Sentinel Node Biopsy After Neoadjuvant Chemotherapy in Biopsy-Proven Node-Positive Breast Cancer: The SN FNAC Study

Jean-François Boileau(McGill University Health Centre), Brigitte Poirier(McGill University Health Centre), Mark Basik(McGill University Health Centre), Claire Holloway(McGill University Health Centre), Louis Gaboury(McGill University Health Centre), Lucas Sidéris(McGill University Health Centre), Sarkis Meterissian(McGill University Health Centre), Angel Arnaout(McGill University Health Centre), Muriel Brackstone(McGill University Health Centre), David R. McCready(McGill University Health Centre), Stephen E. Karp(Lahey Hospital and Medical Center), Isabelle Trop(McGill University Health Centre), A. Lisbona(McGill University Health Centre), Frances C. Wright(McGill University Health Centre), Rami Younan(McGill University Health Centre), Louise Provencher(McGill University Health Centre), Érica Patocskai(McGill University Health Centre), Atilla Ömeroğlu(McGill University Health Centre), André Robidoux(McGill University Health Centre)
Journal of Clinical Oncology
December 2, 2014
Cited by 838

Abstract

PURPOSE: An increasing proportion of patients (> 30%) with node-positive breast cancer will obtain an axillary pathologic complete response after neoadjuvant chemotherapy (NAC). If sentinel node (SN) biopsy (SNB) is accurate in this setting, completion node dissection (CND) morbidity could be avoided. PATIENTS AND METHODS: In the prospective multicentric SN FNAC study, patients with biopsy-proven node-positive breast cancer (T0-3, N1-2) underwent both SNB and CND. Immunohistochemistry (IHC) use was mandatory, and SN metastases of any size, including isolated tumor cells (ypN0[i+], ≤ 0.2 mm), were considered positive. The optimal SNB identification rate (IR) ≥ 90% and false-negative rate (FNR) ≤ 10% were predetermined. RESULTS: From March 2009 to December 2012, 153 patients were accrued to the study. The SNB IR was 87.6% (127 of 145; 95% CI, 82.2% to 93.0%), and the FNR was 8.4% (seven of 83; 95% CI, 2.4% to 14.4%). If SN ypN0(i+)s had been considered negative, the FNR would have increased to 13.3% (11 of 83; 95% CI, 6.0% to 20.6%).

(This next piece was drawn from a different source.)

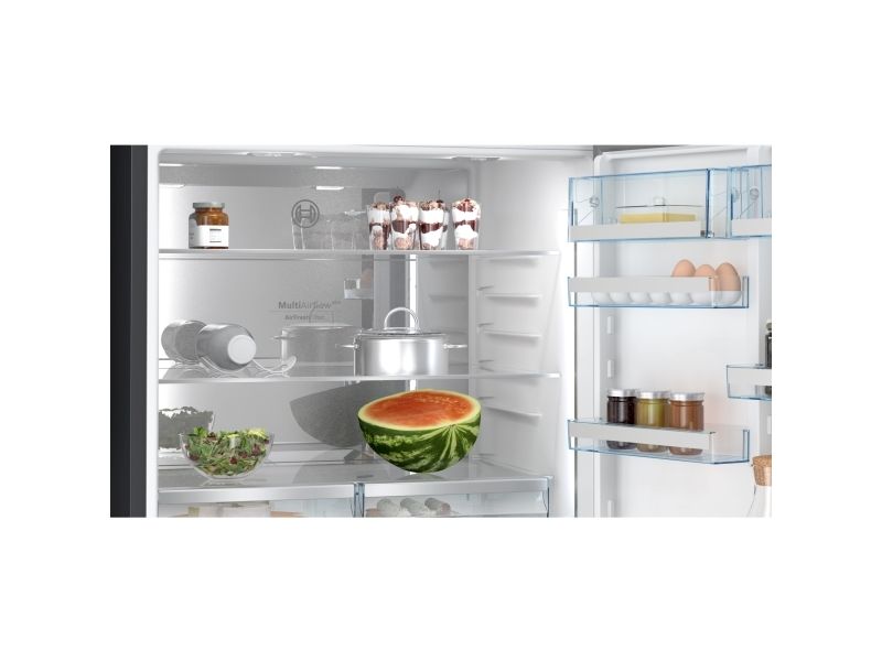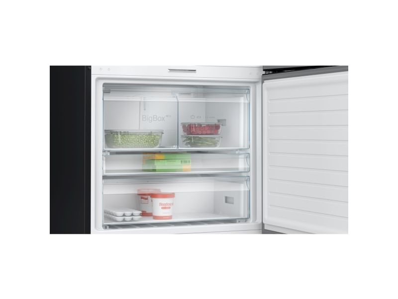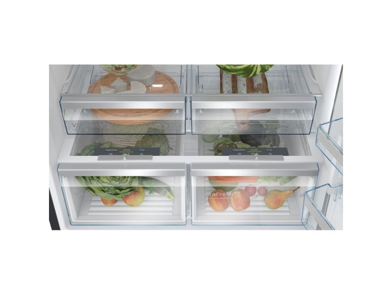 The Bosch Serie 8 KGP86AXB0N refrigerator offers a balance of style and functionality. Equipped with a digital display located on the door, it ensures easy access to settings and features. This refrigerator/freezer boasts a total net capacity of 621 liters, with a refrigerator net capacity of 419 liters and a freezer net capacity of 202 liters. The variable temperature compartment in the freezer allows for versatile storage options, while the fast freeze feature enables quick freezing of items, making meal prep easier.

There was no correlation between size of SN metastases and rate of positive non-SNs. Using this method, 30.3% of patients could potentially avoid CND. CONCLUSION: In biopsy-proven node-positive breast cancer after NAC, a low SNB FNR (8.4%) can be achieved with mandatory use of IHC. SN metastases of any size should be considered positive. The SNB IR was 87.6%, and in the presence of a technical failure, axillary node dissection should be performed. We recommend that SN evaluation with IHC be further evaluated before being included in future guidelines on the use of SNB after NAC in this setting.